Wow, don't let David Bernstein (or his comrade Pam Bondi) hear about this decision.
You have not been reading Bernstein if you make such a comment. He would agree with this decision, so long as it's evenly applied.
And he would never find ANY criticism of the Israeli government "evenly applied".
I see you don't understand what "evenly applied" means. Or don't want to.
So in some other world, you mean?
Nice snark. About as substantive as cotton candy.
And, actually, federal courts are generally good about the evenly applied part. Public universities and public schools are not.
The Bernstein test would require the union to demonstrate that it has even-handedly denounced other purported human rights violators around the globe. The court however doesn't seem to require any such showing: so far as I can see, the court would leave the union free to denounce Israel as a settler colonialist, apartheid state while never saying a word about any other country.
I see that you, too, don't understand what even application means.
You may have your own definition, which you choose not to share, but Bernstein clearly said:
"criticism of Israel similar to that leveled against any other country cannot be regarded as antisemitic" but "universities may not enforce double standards in speech regulation, [tolerating] antisemitic rhetoric while punishing other offensive speech." So if you only criticize Israel, you are antisemitic, and if you permit antisemitism but not other bigotry, your speech is not Constitutionally protected. Here, the defendants make no showing that they criticize other countries, or anyone besides Israel, so they have not met Bernstein standards of even-handedness, which under Bernsteinlaw would cost them their First Amendment protection, but the court doesn't care.
You are still not getting it.
There is a difference between a speaker and an organization that enforces rules against other speakers.
Bernstein never said a speaker has to be even-handed in whom it criticizes. Anyone is free to criticize only Israel, only the Palestinians, or only Upper Slobovians.

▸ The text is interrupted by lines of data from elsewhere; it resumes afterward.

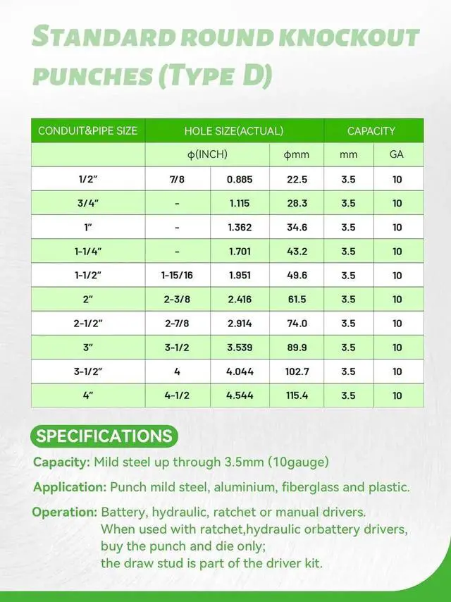 This hydraulic knockout hole punch driver kit features a compact and durable structure with high hardness and great quality, easy to operate to get a perfect, uniform hole. Suitable for power engineering, automobile modification, construction, machine tool sheet metal and other industries
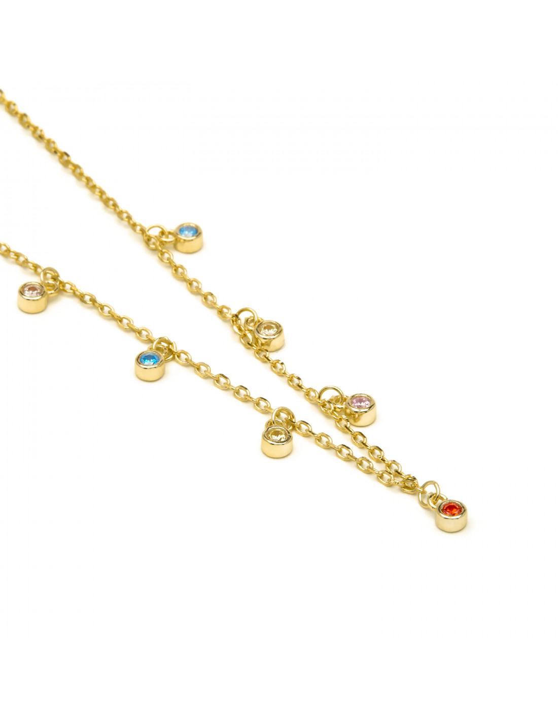 Material: Plata de Ley 925; Acabado: Oro; Piedra: Circonita Brillante multicolor. Largo del collar: 42cm + 3cm de extensión; Cierre: Mosquetón.
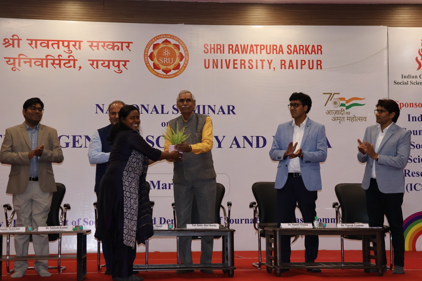 रायपुर।। श्री रावतपुरा सरकार विश्वविद्यालय में आईसीएसएसआर द्वारा प्रायोजित दो दिवसीय राष्ट्रीय संगोष्ठी “ट्रांसजेंडर समाज और मीडिया” विषय पर 20-21 मार्च 2023 को आयोजन किया गया। कार्यक्रम का आयोजन सामाज कार्य विभाग और पत्रकारिता एवं जन संचार विभाग के तत्वावधान में किया गया, जो इंडियन काउंसिल ऑफ सोशल साइंस रिसर्च (आईसीएसएसआर) द्वारा प्रायोजित है। दो दिवसीय राष्ट्रीय संगोष्ठी के बारे में कार्यक्रम संयोजक डॉ. संतोष कुमार ने बताया कि ट्रांसजेंडर लोग समाज में अनेक प्रकार के समस्याओं का सामना करते हैं जिसके प्रति समाज में लोगो को जागृत करना है। राष्ट्रीय संगोष्ठी 17 राज्यों से लगभग 150 लोगों ने अपनी प्रतिभागिता दर्ज़ कराई। दो दिवसीय राष्ट्रीय संगोष्ठी में पाँच पुस्तकों का विमोचन किया गया जिसमें से दो राष्ट्रीय संगोष्ठी से संबंधित है और तीन पुस्तकें विश्वविद्यालय के सामाज कार्य विभाग और पत्रकारिता एवं जन संचार विभाग के शिक्षकों द्वारा अलग अलग विषय पर लिखी गई हैं।
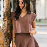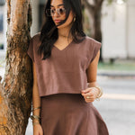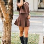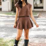 The Classic Knit Sweater Skirt in Chestnut is the perfect mix of comfort and style. With a relaxed fit and soft solid knit fabric, this mini skirt is easy to dress up or down. Its warm chestnut color adds a chic, autumn-ready touch to any outfit. Sage is wearing a small.
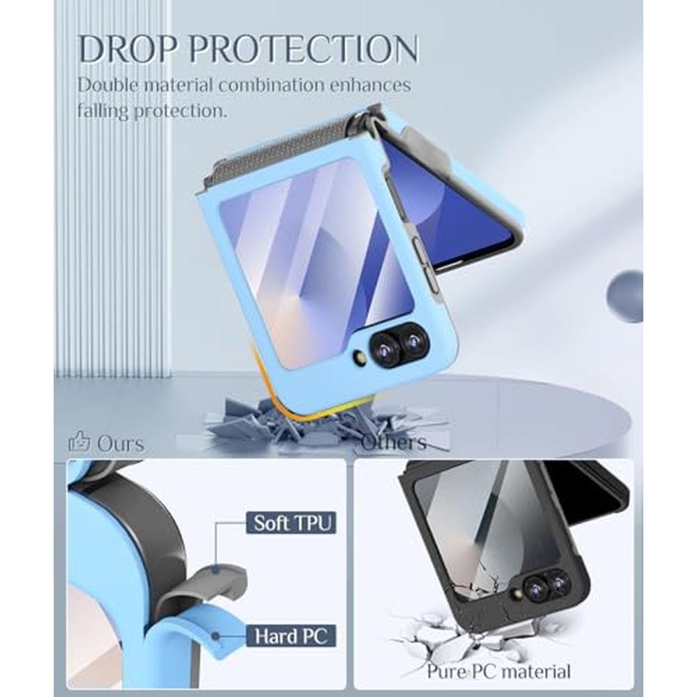 Experience the ultimate flip protection solution for your Samsung Galaxy Z Flip 7-FE, Z Flip 6, or Z Flip 5 with our specially designed case. Our flip phone screen protection case is engineered to provide comprehensive defense against scratches, drops, and other daily wear and tear, ensuring your device remains in pristine condition. With hinge protection and a built-in screen protector, you can enjoy wireless charging compatibility and unparalleled flip cover with protection. Whether you're looking for a protection plan for flip phones or a reliable flip device protection solution, our case delivers.
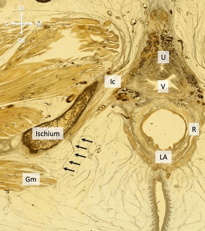 在整個解剖過程中,在這些連接橋中沒有發(fā)現(xiàn)肌肉纖維。臀大肌、閉孔內(nèi)肌和泌尿生殖膈膜之間似乎存在密集的連接研究發(fā)現(xiàn),直腸下血管和直腸下神經(jīng)的鞘不僅包括閉孔內(nèi)肌筋膜的“延伸”,而且還接受臀大肌筋膜的纖維束。
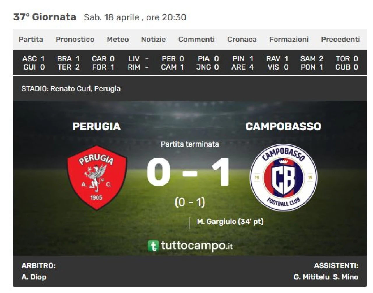 Il Campobasso FC, grazie alla preziosa vittoria firmata dalla rete di Gargiulo e complici la sconfitta del Pineto e il pareggio della Juv...
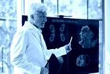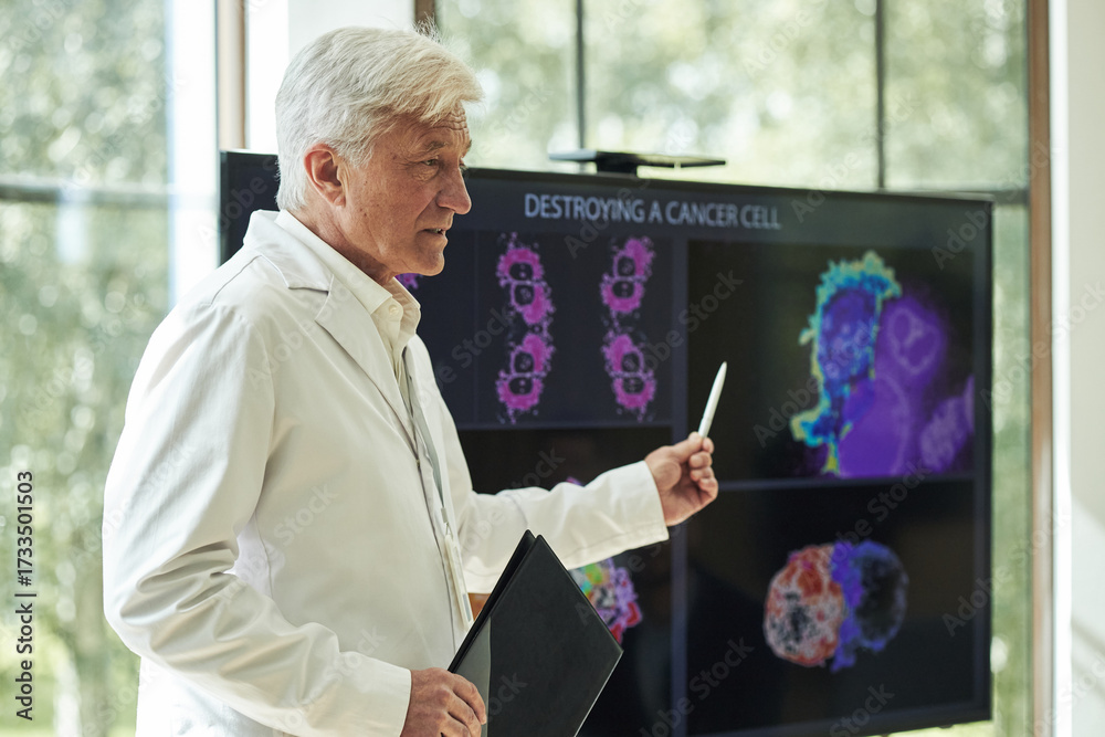 Senior Caucasian man presenting scientific research, holding digital tablet and pointing at screen displaying cancer cell images, standing in conference room at clinic
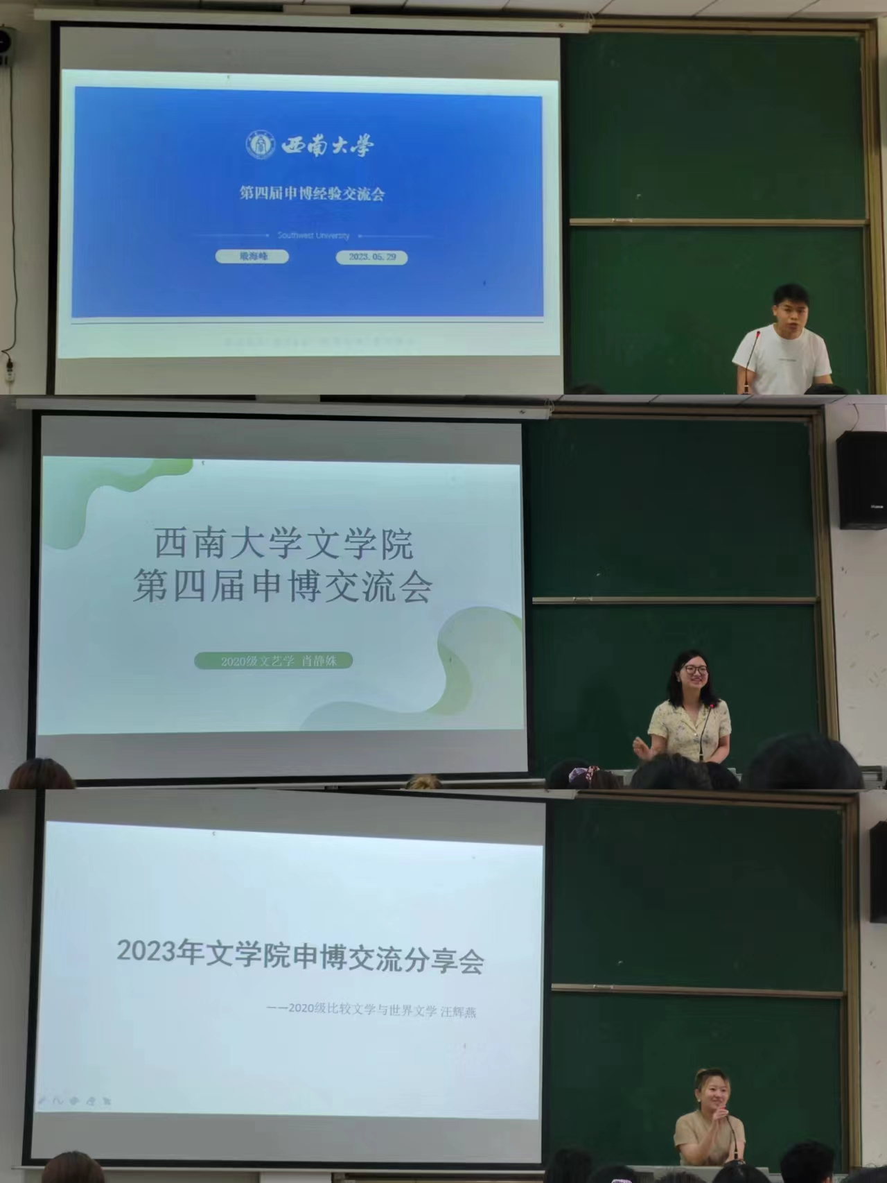 最后,作为成功申博的学生代表,戢海峰、肖静姝和汪辉燕结合自身经历,多方面分享了申博的经验。戢海峰认为,读博需要有坚定的信念,若有多种选择则可为就业早做准备,若将读博视为唯一选择则笃志前行。肖静姝分享了博士计划书的重要性,其内容在初审和复试环节是不同的,需要进行斟酌与完善。汪辉燕分享了自己在跨专业申博、院校选择及心态调整等方面的个人心得。
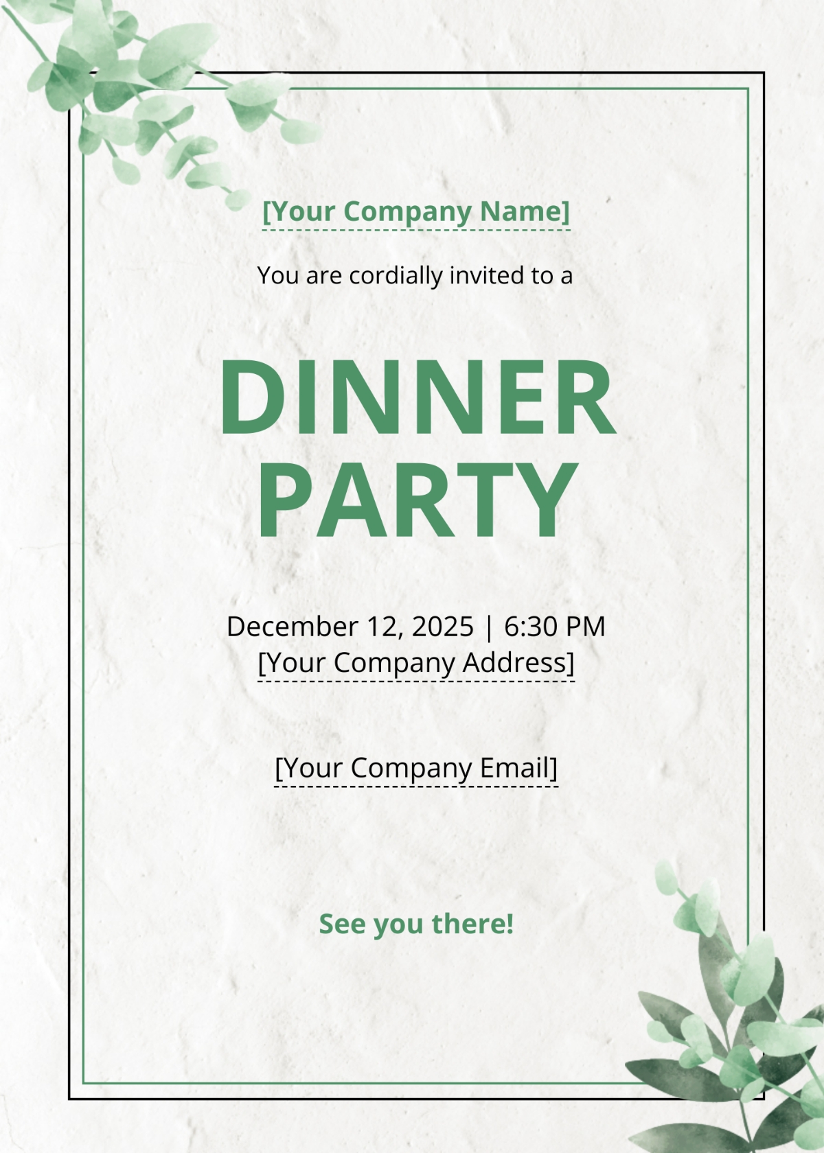 With our formal dinner party invitation template, you can easily create a sophisticated and classy invite that will impress your guests. From the wording to the design, every detail can be customized to suit your event and personal style.

The union here is the speaker. It is free to criticize only Israel, and that is protected by the First Amendment. So long as the anti-discrimination laws that the plaintiffs sought to invoke are applied evenly. If the same laws were used to squelch criticism of Hamas or the Palestinians as Islamophobic, that would be an uneven enforcement. So if the tables were turned, a federal court would have to reject the complaint on the same grounds.
As I said, federal courts generally are even-handed. Universities are generally not.
When a larger organization enforces a speech code, it has to be even handed. It can't punish people who criticize one group, but let those who criticize another group say what they want.
So Columbia could sponsor “Free Palestine” days and have a required course on the evils of Zionism, and Bernstein would be okay with that? I mean, Columbia is the speaker.
Forget about the legal questions raised by the lawsuit; this raises more fundamental questions like Why the Fuck Is a Legal Aid Attorney Union Making 'Demands' About Israel? Setting aside that they might as well command the tides to roll back for all that their 'demands' are going to accomplish, unions are supposed to be about workplace issues.
Say what you want about right wing organizations, but they do have some sense of message discipline. You won't see the NRA organizing anti-abortion rallies (even if most of their members are pro-lfe) or the National Right to Life Committee speaking out on global warming. And yet this union doesn't even one adult in charge who can put his or her foot down and say, "This is none of our organization's business. Our members are always free to speak out as individuals, but we're not going to say anything here."